GLENBROOK, Nev. — A vast, largely unexplored world is being opened by hobbyists piloting robotic submarines capable of traveling hundreds of feet below the surface of lakes, rivers and oceans.
Styling themselves as citizen scientists, two young engineers, Eric Stackpole and David Lang, have created OpenROV, a small start-up based in Berkeley, Calif., that builds submarine drone kits. They hope to create a mirror image of the airborne drone craze.
This month, the OpenROV researchers took over a vacation home here and turned it into a command center for the maiden dive of a prototype of the next version of their Trident submarine. The sub explored the wreck of the Tahoe, a turn-of-the-last-century steamer that now lies less than a half-mile offshore in depths up to almost 500 feet below the surface of Lake Tahoe, which divides California and Nevada.

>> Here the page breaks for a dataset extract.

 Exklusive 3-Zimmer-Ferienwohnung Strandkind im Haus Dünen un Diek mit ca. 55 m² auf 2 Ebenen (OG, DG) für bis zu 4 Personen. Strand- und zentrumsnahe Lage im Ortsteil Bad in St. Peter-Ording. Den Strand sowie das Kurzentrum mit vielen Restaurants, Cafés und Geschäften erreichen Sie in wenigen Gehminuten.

OpenROV has sold more than 3,000 of a first-generation submarine, which is able to navigate below the surface, connected by a thin cable and controlled by software running on a tablet or smartphone. The new Trident, which will go on sale this fall for $1,499, will travel at speeds of almost four knots underwater and will have a high-resolution camera and a lighting system as bright as car headlights. It will operate from a wirelessly connected buoy.
From a converted bedroom filled with computer displays, Charles Cross, an OpenROV software engineer, piloted the Trident down through the crystalline waters of Lake Tahoe. Within minutes the researchers could see the Tahoe as it emerged from the blue gloom on the lake floor.

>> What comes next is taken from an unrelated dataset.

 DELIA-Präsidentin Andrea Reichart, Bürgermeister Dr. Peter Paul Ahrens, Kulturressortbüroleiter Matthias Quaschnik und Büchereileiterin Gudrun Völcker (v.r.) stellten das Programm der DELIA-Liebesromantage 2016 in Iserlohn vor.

The 154-ton, 170-foot-long steamer was once called the “Queen of the Lake,” carrying passengers and mail in style. Built in San Francisco in 1896, it was intentionally scuttled in 1940. The intent was to sink the ship in shallow water to make it easily visible from a glass-bottom boat, but the underwater slope was steeper than the ship’s owners realized.
The boat slid out of sight, ultimately coming to rest with its bow in 360 feet of water and its stern at a depth of 490 feet. The Tahoe was first reached in 2002 by a highly technical dive team that in the process set a record for high-altitude scuba diving. (Lake Tahoe is more than 6,200 feet above sea level.)
Now the hobbyist team hopes it can democratize the science and adventure that has previously been accessible only to someone with the resources of Robert Ballard, the oceanographer and explorer who has investigated ships like the Titanic and the Bismarck, a German battleship sunk in the early stages of World War II.
The idea also intrigued professional archaeologists as well as an official from the National Oceanic and Atmospheric Administration, who joined the expedition last week.
David McKinnie, a senior adviser at the atmospheric administration’s Ocean Explorer program, met the two engineers several years ago. Last year he invited them to make a presentation at an event for ocean explorers that the administration sponsored.
“They were by and far the hit of the show,” he said. “People were captivated by the potential of citizen exploration.”
The Trident submarine, which was steered by a video game controller, was able to float gently around the shipwreck and dip into the ship through an exposed roof section that had been torn away.
In keeping with the citizen-science aspirations, the dives were broadcast live over social media platforms like Facebook and Twitch. Trailed by a thin power and networking cable, the sub glided over the length of the wreck, beaming high-resolution video back to a command center, where it was displayed on a large computer monitor in a room overlooking the lake.
The goal of the explorers is to have “a lot more eyes in the ocean,” said Mr. Lang, who worked for a start-up firm before co-founding OpenROV in 2012 with a Kickstarter campaign.
The OpenROV researchers now manage a nonprofit website,OpenExplorer, to encourage their community of drone submarine explorers to share the results of their adventures.
“We’re actually legitimately building the world’s largest ocean observation platform on a shoestring,” Mr. Lang said.
While poking around the Tahoe wreck, the OpenROV team found a plaque that had been left behind by the previous team of divers, who reached the site over a decade ago.
Navigating underwater was challenging, and the dive team had to be careful to keep from tangling their tether deep below the surface. They tracked their location in part by periodically observing a bright light that was suspended under the surface from their control boat hundreds of feet above.
They were able to easily reconstruct how the ship had come to its final resting place and trace the furrow that it created as it slid deeper into the lake.
An observer noted that one of the old myths that had been passed on to visitors to the lake by a mailman in the 1940s was that Lake Tahoe’s deep waters were so cold that drowning victims actually stood up when they came to rest on the lake bottom.
No bodies were seen by the Trident, only the occasional fish.